Last Updated: 15 Jan, 2021
Difficulty: Easy

## PROBLEM STATEMENT

#### You are given a string ‘S’ and a set of words named ‘Dictionary’. You can perform the operation of breaking the given string 'S', in any possible way and divide the given string into any number of subparts. Your task is to break the given string 'S', such that all the subparts are present in the Dictionary. You just need to tell the minimum number of times you need to break the string 'S' in order to accomplish the above task.

##### Note:
``````1. If string 'S' is already present in the dictionary, then you don’t need to break the string and you can print 0 in such cases.
2. If it is impossible to complete the given task, then print -1.
3. All the characters of string 'S' and words inside the Dictionary only contain Uppercased English Alphabets.
``````
##### Input format:
``````The first line of the input contains an integer 'T', denoting the number of test cases.

The first line of each test case contains a string 'S', denoting the given string.
The second line of each test case contains an integer 'N', denoting the size of the given set of words.
The next 'N' lines contain a string denoting the ith word in the dictionary.
``````
##### Output format:
``````For each test case print, the minimum number of times given string 'S' need to be broken in such a way that all the subparts are present in the Dictionary. In cases, when it is impossible to break string S, print -1.
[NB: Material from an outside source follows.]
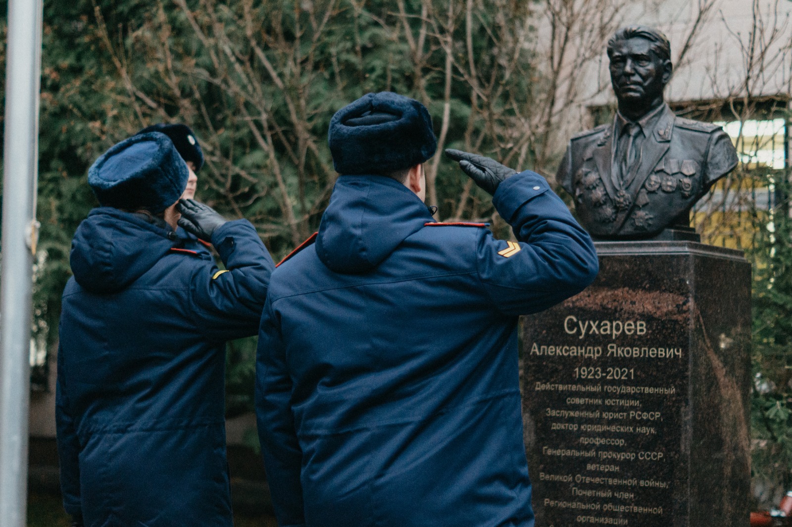 Мероприятие началось с возложения цветов к бюсту известного государственного деятеля Александра Яковлевича Сухарева, имя которого носит академия. Александр Яковлевич был президентом Межрегиональной общественной организации «Выдающиеся полководцы и флотоводцы Отечества» и инициатором памятных мероприятий, посвящённых великим отечественным военачальникам, целью которых является патриотическое воспитание молодежи, что так незаменимо в наше время. В церемонии приняли участие курсанты 2 курса факультета подготовки следователей. Право первыми возложить цветы было предоставлено курсантам Даниилу Шарыгину и Ольге Орловой, отлично проявившим себя в учебной и общественной деятельности.
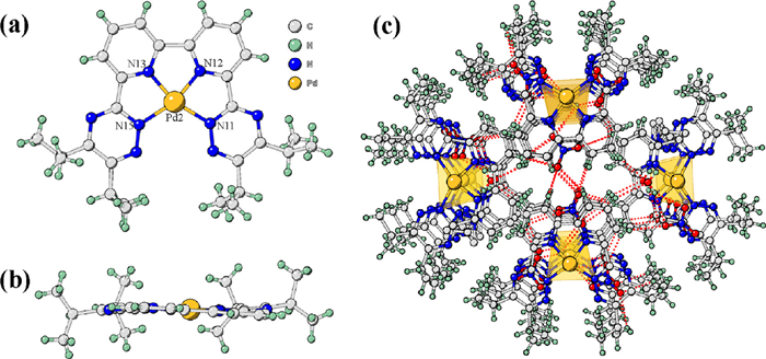 For the solid Pd(Ⅱ)/R-BTBP complexes, only one 1:1 Pd(Ⅱ)/iPr-BTBP complex has been isolated and structurally characterized. This is the first time that the solid 1:1 Pd(Ⅱ) complex with any R-BTBP type ligands has been successfully characterized by single X-ray crystallography, although many attempts have been tried by other researchers using CyMe4-BTBP or tBu-CyMe4-BTBP as chalets [32, 47]. As presented in Figs. 5a and b, the geometry of Pd(Ⅱ) exhibits a distorted square-planar with one iPr-BTBP molecular binding as a quadridentate ligand with central Pd(Ⅱ). The bond distances from Pd to N11 and N15 are 2.032(6) Å and 2.028(6) Å, respectively, which are longer than those to the pyridine nitrogen atoms ranging from 1.918(5) Å to 1.930(7) Å. The almost identical bond lengths of Pd-N13 to Pd-N12, and Pd-N11 with that of Pd-N15, are in line with the symmetry feature of the 1:1 Pd(Ⅱ)/iPr-BTBP complex as identified in its 1H NMR spectra (Fig. 4a). Similar bond distances of Pd-N have also been found in Pd(Ⅱ)/terpy [48] and Pd(Ⅱ)/BTP [49] complexes. Additionally, two nitrate anions were found in the second coordination player to keep the charge balance via the formation of hydrogen-bonding interactions with water molecules and ligands (Fig. 5c).

Print the output of each testcase in a separate line.
``````
##### Note:
``````You do not need to print anything, it has already been taken care of. Just implement the given function.
``````
##### Constraints:
``````1 <= T <= 50
1 <= N <= 10^4
1 <= |S| <= 50
1 <= |word[i]| <= 50
‘A’ <= S[i] <= ‘Z’

Where |S| denotes the length of the given string, |word[i]| denotes the length of the ith word in the Dictionary.
It is guaranteed that all the words in the dictionary consist of only uppercase English alphabets from ‘A’ to ‘Z’.

Time Limit: 1 sec.
`````` ## Approach 1

• We try to break the given string S, in every possible way and will take the minimum of all ways to break S, such that all the parts are present in the Dictionary.
• For trying all possible ways of breaking, we will form a recursive function, which will return the minimum number of breaks required for breaking the given string such that each part is present in the Dictionary.
• The base conditions for this will be the following:
• When the string is already present in the Dictionary, we don’t require any breaking in this case hence we return 0 here.
• When string length is 1 and it is not present in the dictionary, so there is no way to break it further as well this is not a part Dictionary, hence we return some big integer denoting there is no possible way to break the given string.
• In cases where base conditions are not met, we try to break the string in all possible ways and call the same function to calculate minimum breaks required on both parts.
• We keep track of the minimum of all possible ways to break the current string after each attempt of breaking it. And finally, return this minimum.
• Calling this function with the current string will give us the required minimum breaks. If it is impossible for the string to break, this will return a big integer value. So we will print -1 in such cases.